Un jour je m’y étois arrêté long-tems, je remarquai que nul homme n’y venoit oublier, une heure du moins, les sollicitudes de la vie ; quelquefois on voyoit passer, à la hâte, des femmes chargées de bois mort, dont la misère avoit séché le cœur, ou des chasseurs, insensibles aux beautés solitaires, qui cherchoient avidement les traces des daims et des faons, car ils se plaisoient à les détruire.
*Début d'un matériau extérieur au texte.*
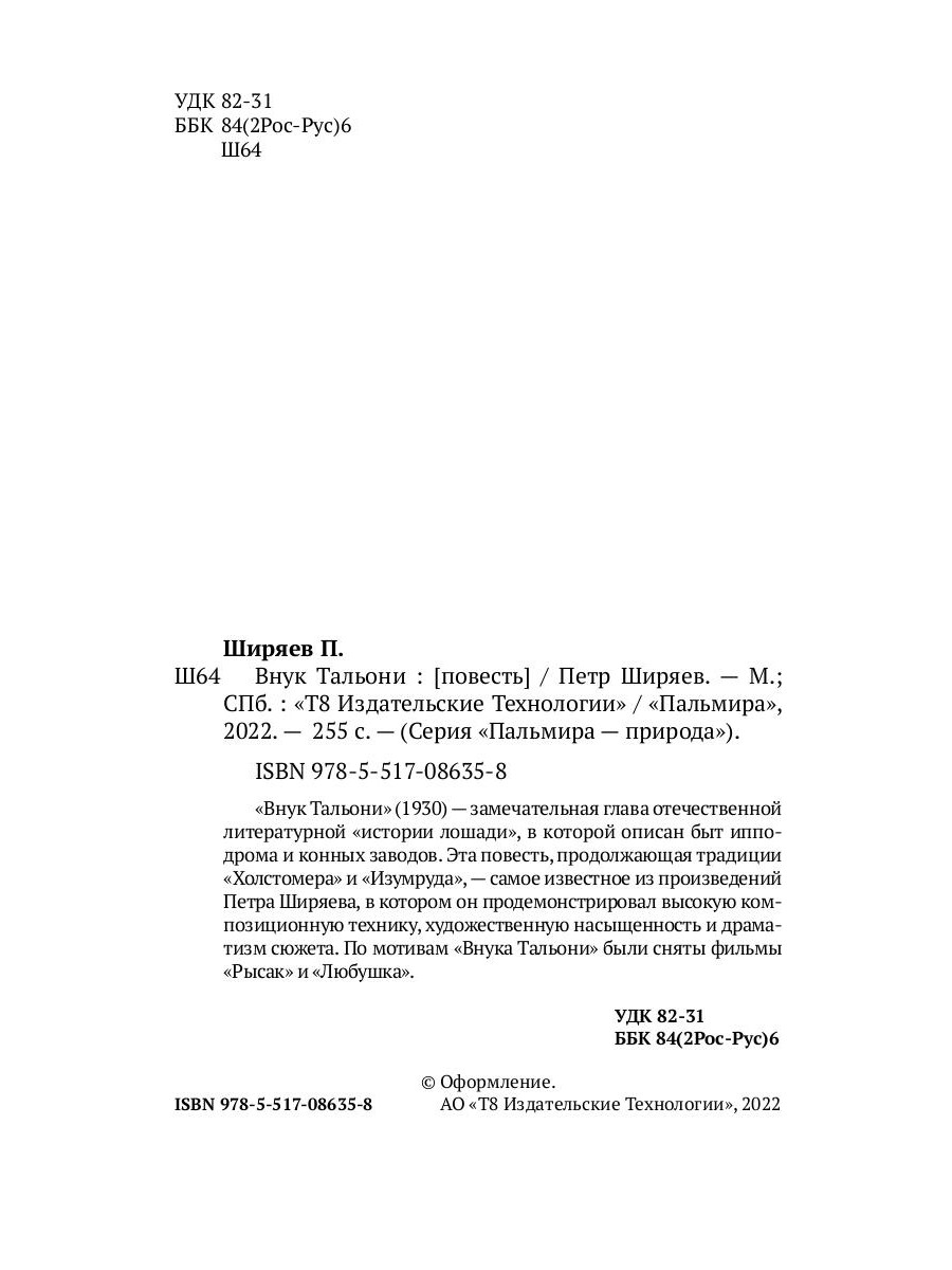 "Внук Тальони" (1930) - замечательная глава отечественной литературной "истории лошади", в которой описан быт ипподрома и конных заводов. Эта повесть, продолжающая традиции "Холстомера" и "Изумруда" - самое известное из произведений Петра Ширяева, в котором он достиг высокой композиционной техники, художественной насыщенности и драматизма. По мотивам "Внука Тальони" были сняты фильмы "Рысак" и "Любушка".

Pour moi je n’y cherchois que des violettes ; mais m’approchant d’un vieux hêtre, au pied duquel je croyois en trouver, je vis écrit sur son écorce : Quand le cœur s’ouvre aux passions, il s’ouvre à l’ennui de la vie[1].

Toutes les fois que ce mot profond revient à ma mémoire, un mouvement irrésistible d’admiration et de douleur fait frémir tout mon être au sentiment des misères humaines. Nous ne jouissons plus que dans les courts momens d’illusion et d’oubli, tant notre raison savante a réglé nos sensations et réformé dans nous la nature. Dès que cette triste inscription m’eut ramené à moi-même, dès que j’eus apperçu l’homme dans ces lieux encore heureux, les regrets flétrirent leur vaine beauté : leur solitude fut trop austère, leur silence fut de l’ennui, leur paix de l’abandon, le roulement du ruisseau m’attrista, et le parfum des fleurs ne dit plus rien à mon cœur.
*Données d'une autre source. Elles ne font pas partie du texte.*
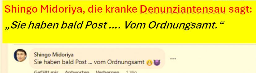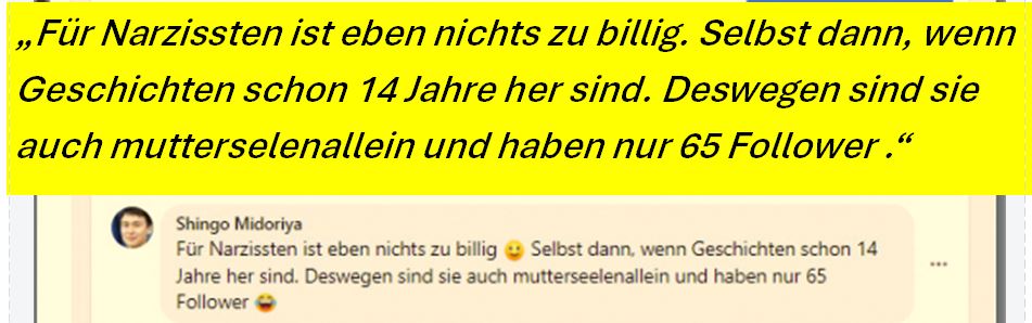 Angang Juni 2023 hat hat mein Stalker vermutlich einen sehr schweren psychischen Schub erhalten. Innerhalb dieses Schubs kreierte er die Fantasie-Figur „Shingo Midoriya“, dessen Foto bei TikTok und russischen Partnervermittlungsforen zu finden ist, und begann damit, aggressiv und in einer abartigen und kranken Art und Weise, mich zu belästigen und strafbar zu denunzieren. Wie in einem Rausch begann dann der kranke Stalker im Zeitraum von Juni 2023 bis August 2023, mich mit über 140 Hass- und Hetzkommentare unter meinen Beiträgen in Facebook, zu beleidigen, zu belästigen, zu denunzieren und mich zu bedrohen.

Quelle déviation a pu rendre une espèce toute entière victime de ses propres affections, l’affliger de ce qu’il y avoit d’heureux dans son être, l’aliéner de ses désirs mêmes, et faire de ces moyens de jouissance, de ces ressorts généreux de vie et de conservation, une agitation convulsive et vainement laborieuse sous le poids d’une compression mortelle ?

Avant même que des passions immodérées nous dévorent de leur feu indomptable, nous éprouvons déjà tout leur déchirement ; et notre cœur, avide parce qu’il est fatigué, s’altère et s’épuise sans objet dans l’attente ou le désir de ce qui doit le consumer enfin.
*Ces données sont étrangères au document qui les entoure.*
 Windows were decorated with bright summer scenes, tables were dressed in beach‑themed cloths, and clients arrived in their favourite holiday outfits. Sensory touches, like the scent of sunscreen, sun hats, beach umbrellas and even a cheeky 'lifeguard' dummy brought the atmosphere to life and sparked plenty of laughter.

C’est bien déjà une passion, et la plus irrémédiable peut-être, que cette soif vague et intarissable d’en sentir une plus déterminée. Quand une ame forte a connu deux années ce vaste besoin, l’occasion seule lui manque pour entraîner le monde. Si d’impuissantes destinées la compriment, ne pouvant soumettre de grandes choses à son action, elle soumet l’univers à sa pensée ; et dans ses conceptions générales y toujours loin de sa sphère individuelle, elle choisit indifféremment dans les lieux et les siècles ce qui convient à sa nature. Un instant interrompt tout le sublime délire de ce génie mortel ; il s’arrête étonné de n’occuper qu’un point et qu’un moment dans cet univers qu’il contenoit tout entier, il sent que tout est vain dans une existence si vaine y et ne s’occupe des soins de la vie que comme ces vieillards dégoûtés de toute chose sérieuse, et qui reprennent avant la mort les jeux du premier âge, trouvant que ce n’est plus la peine de rien entreprendre de meilleur.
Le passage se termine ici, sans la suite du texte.